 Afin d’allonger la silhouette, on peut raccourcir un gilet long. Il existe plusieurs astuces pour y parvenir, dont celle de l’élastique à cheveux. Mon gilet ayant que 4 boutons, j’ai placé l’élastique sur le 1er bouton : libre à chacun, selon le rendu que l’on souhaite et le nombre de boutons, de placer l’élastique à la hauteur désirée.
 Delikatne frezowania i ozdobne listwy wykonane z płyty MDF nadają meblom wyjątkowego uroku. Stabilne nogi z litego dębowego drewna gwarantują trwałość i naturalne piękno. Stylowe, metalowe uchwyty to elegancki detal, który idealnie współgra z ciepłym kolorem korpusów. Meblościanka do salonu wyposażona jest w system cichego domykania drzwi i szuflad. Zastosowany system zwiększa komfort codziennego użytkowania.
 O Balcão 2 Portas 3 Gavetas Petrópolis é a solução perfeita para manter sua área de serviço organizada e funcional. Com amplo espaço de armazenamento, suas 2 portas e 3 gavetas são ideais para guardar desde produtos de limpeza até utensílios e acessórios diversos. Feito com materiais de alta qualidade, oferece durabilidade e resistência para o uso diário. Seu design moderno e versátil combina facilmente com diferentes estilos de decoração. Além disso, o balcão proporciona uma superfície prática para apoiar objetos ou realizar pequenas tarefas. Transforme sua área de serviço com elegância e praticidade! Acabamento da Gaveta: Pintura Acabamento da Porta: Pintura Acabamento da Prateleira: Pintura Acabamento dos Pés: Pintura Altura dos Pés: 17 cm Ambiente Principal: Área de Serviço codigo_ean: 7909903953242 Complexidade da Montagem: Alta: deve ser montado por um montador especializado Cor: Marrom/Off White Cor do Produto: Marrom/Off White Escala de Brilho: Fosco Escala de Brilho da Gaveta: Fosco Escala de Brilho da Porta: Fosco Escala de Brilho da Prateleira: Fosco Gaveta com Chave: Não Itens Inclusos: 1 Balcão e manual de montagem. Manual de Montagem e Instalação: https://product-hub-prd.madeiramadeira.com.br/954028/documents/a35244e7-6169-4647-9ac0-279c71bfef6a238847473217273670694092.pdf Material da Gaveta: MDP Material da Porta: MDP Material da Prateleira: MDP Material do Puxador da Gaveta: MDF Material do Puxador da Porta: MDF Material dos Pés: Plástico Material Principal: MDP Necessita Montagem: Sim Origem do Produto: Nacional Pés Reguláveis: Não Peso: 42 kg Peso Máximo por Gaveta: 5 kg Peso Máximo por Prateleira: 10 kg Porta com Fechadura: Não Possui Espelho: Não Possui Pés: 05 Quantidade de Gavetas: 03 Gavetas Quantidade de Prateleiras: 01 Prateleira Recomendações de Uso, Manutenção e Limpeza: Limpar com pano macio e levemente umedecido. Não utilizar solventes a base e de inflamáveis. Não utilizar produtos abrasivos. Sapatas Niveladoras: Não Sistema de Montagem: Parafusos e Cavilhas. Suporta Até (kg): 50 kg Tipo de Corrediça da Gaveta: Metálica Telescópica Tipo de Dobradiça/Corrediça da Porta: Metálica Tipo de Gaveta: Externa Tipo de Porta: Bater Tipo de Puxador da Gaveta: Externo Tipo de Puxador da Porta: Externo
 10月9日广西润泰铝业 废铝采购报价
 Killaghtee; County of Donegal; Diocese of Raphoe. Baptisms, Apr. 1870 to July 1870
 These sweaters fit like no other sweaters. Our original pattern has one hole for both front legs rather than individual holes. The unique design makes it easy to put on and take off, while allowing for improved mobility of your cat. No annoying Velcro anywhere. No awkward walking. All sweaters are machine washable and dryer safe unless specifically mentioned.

----------------------------------------

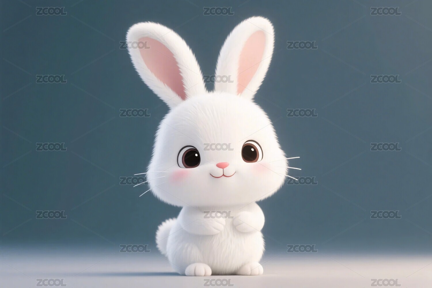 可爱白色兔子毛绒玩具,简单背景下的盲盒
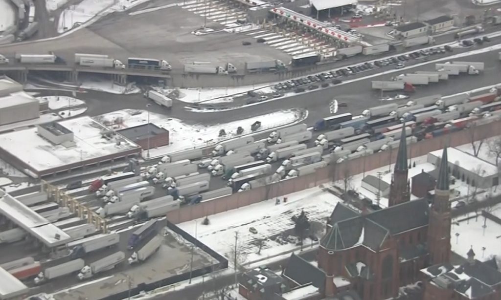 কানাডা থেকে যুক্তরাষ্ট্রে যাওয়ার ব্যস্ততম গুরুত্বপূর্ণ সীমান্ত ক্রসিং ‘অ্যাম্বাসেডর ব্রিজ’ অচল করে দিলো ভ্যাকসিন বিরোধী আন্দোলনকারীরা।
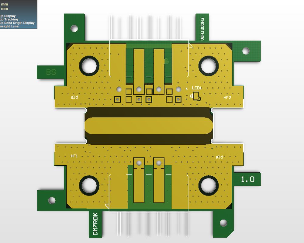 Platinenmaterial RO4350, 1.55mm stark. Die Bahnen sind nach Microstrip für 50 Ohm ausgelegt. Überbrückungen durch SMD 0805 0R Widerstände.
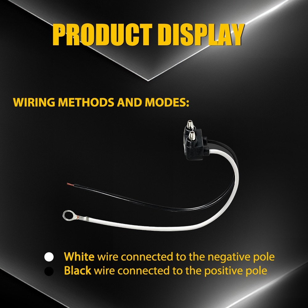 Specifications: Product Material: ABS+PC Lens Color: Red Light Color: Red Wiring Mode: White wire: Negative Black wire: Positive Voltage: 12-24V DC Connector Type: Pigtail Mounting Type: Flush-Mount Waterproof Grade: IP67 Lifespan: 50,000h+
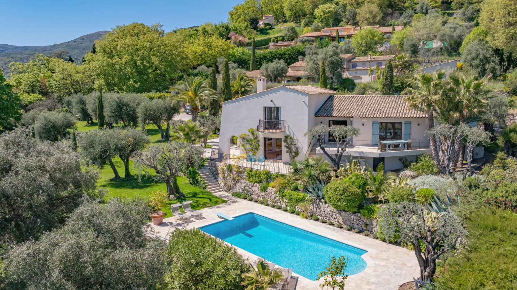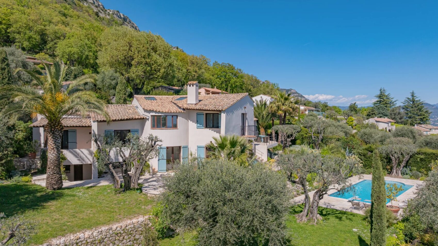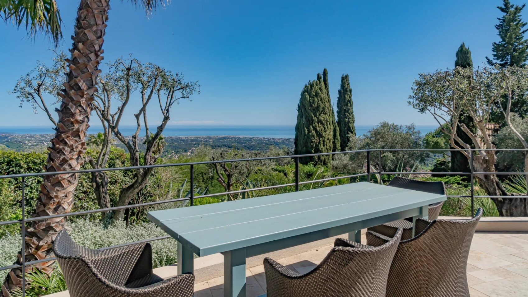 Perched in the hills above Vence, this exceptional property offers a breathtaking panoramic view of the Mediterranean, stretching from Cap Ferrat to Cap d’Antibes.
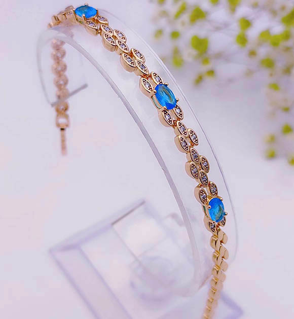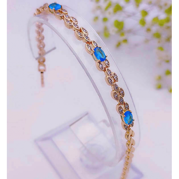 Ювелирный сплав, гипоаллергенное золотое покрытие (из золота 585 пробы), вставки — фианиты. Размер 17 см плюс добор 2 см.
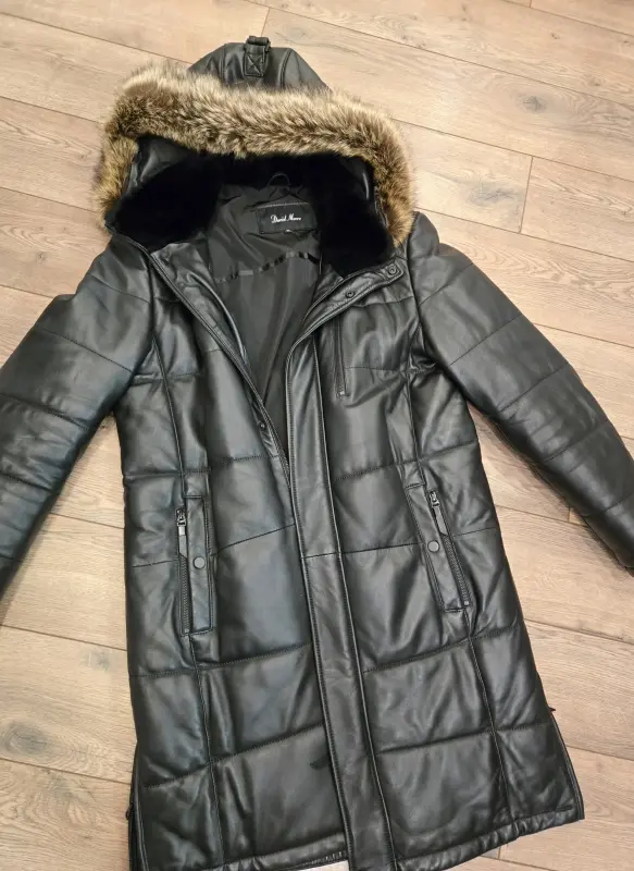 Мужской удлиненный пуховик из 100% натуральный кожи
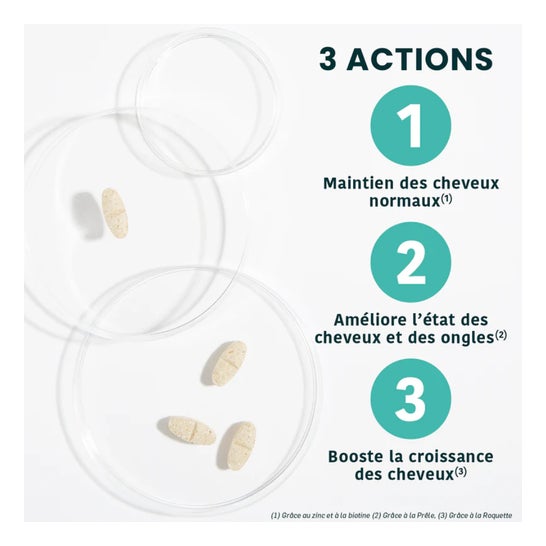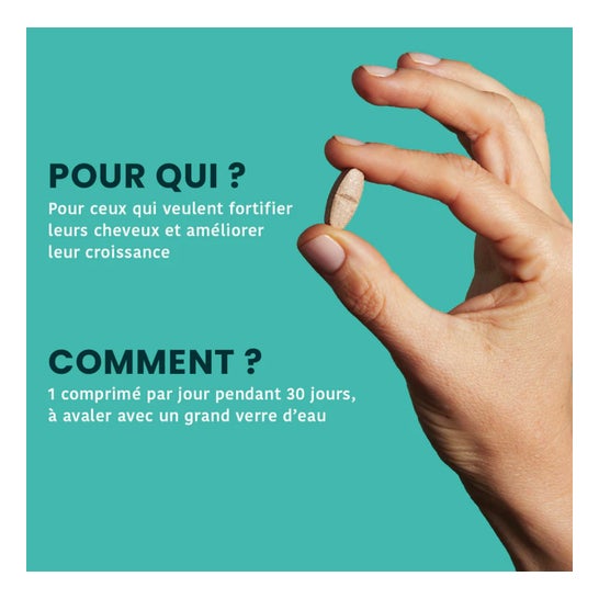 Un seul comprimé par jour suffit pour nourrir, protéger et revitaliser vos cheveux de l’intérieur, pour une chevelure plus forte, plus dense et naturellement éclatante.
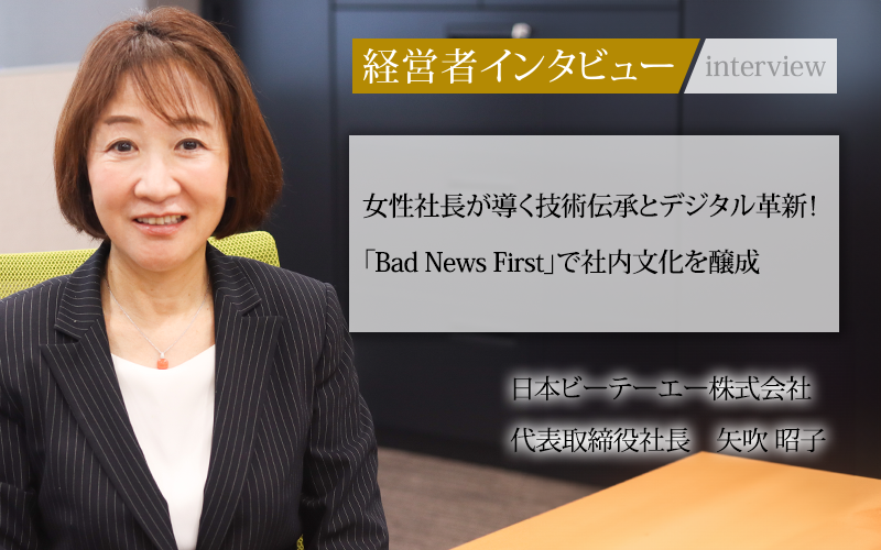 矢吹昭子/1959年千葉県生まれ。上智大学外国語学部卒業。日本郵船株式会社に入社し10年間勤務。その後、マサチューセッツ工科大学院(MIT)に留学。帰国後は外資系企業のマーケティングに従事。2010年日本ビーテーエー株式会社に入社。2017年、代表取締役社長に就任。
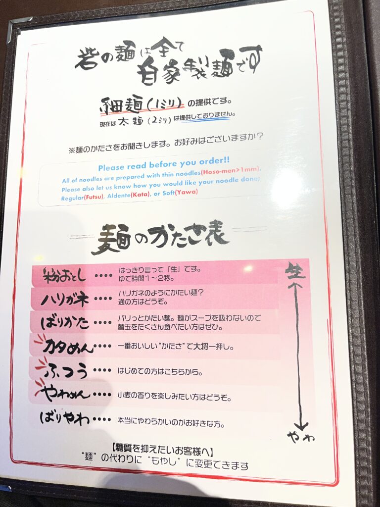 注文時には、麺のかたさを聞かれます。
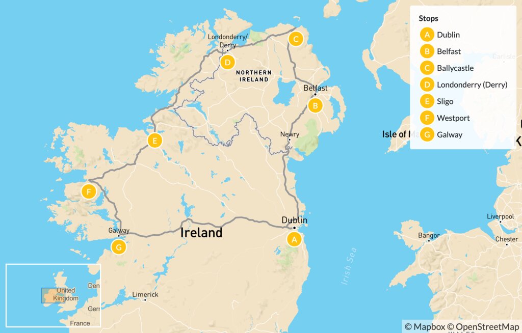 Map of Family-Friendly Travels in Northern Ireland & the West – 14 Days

----------------------------------------

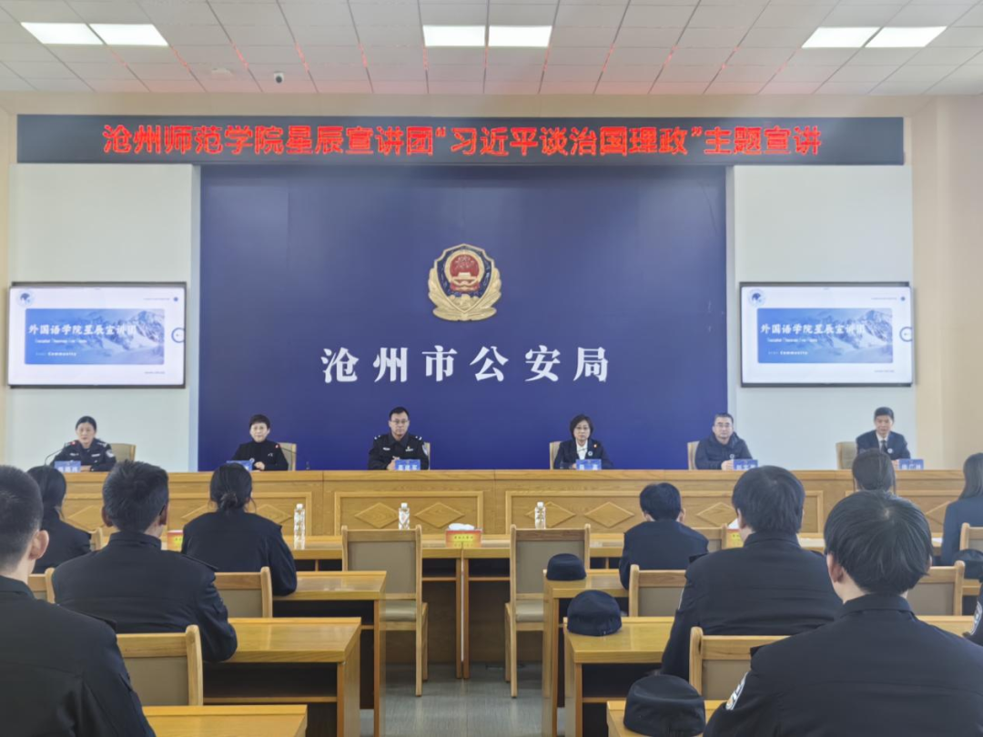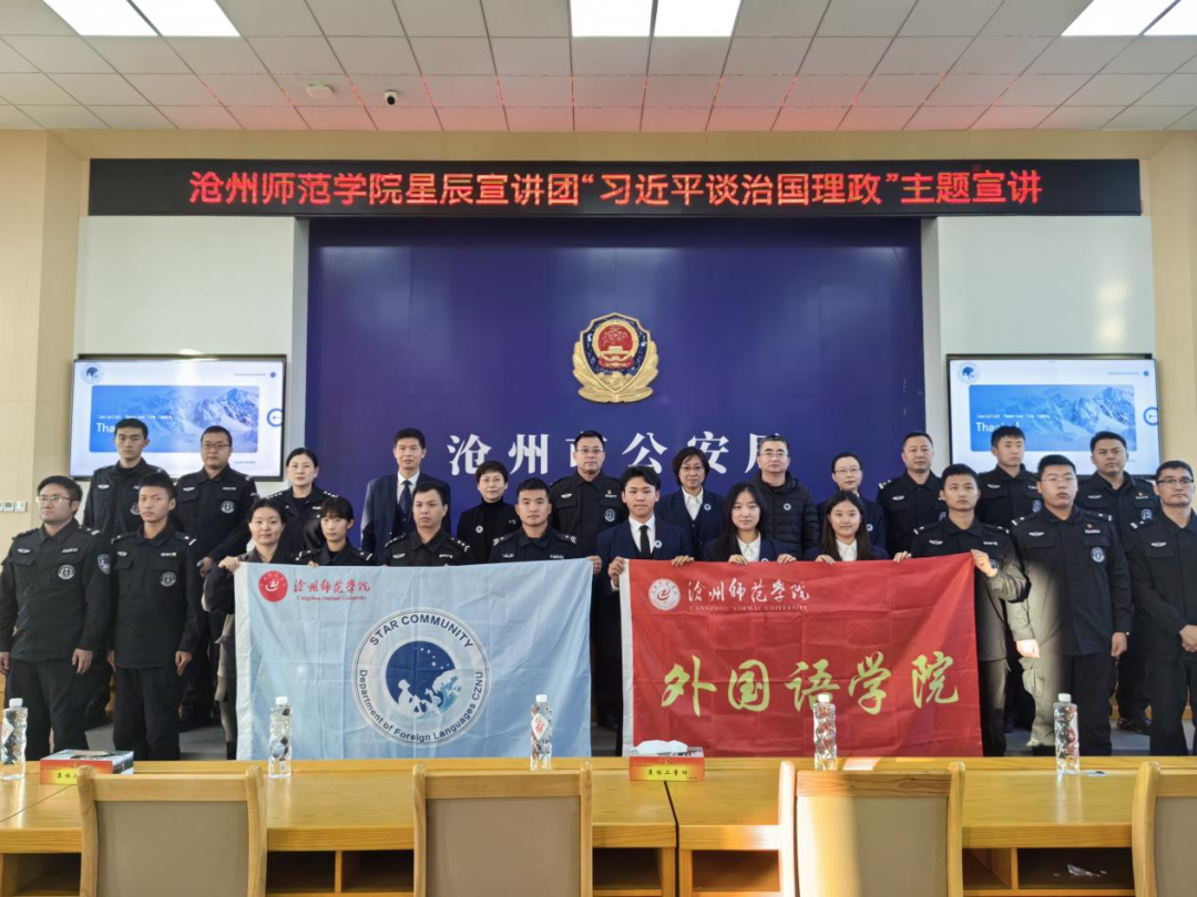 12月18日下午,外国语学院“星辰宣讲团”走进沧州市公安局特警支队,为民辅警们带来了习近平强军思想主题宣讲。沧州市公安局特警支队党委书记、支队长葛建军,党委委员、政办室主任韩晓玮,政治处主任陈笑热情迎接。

----------------------------------------

Try it: Start at the line containing "矢吹昭子/1959年千葉県生" above and stop at the line containing "Map of Family-Friendly". Output those lines exactly, both included, but none of the pictures.

Task result:
 矢吹昭子/1959年千葉県生まれ。上智大学外国語学部卒業。日本郵船株式会社に入社し10年間勤務。その後、マサチューセッツ工科大学院(MIT)に留学。帰国後は外資系企業のマーケティングに従事。2010年日本ビーテーエー株式会社に入社。2017年、代表取締役社長に就任。
 注文時には、麺のかたさを聞かれます。
 Map of Family-Friendly Travels in Northern Ireland & the West – 14 Days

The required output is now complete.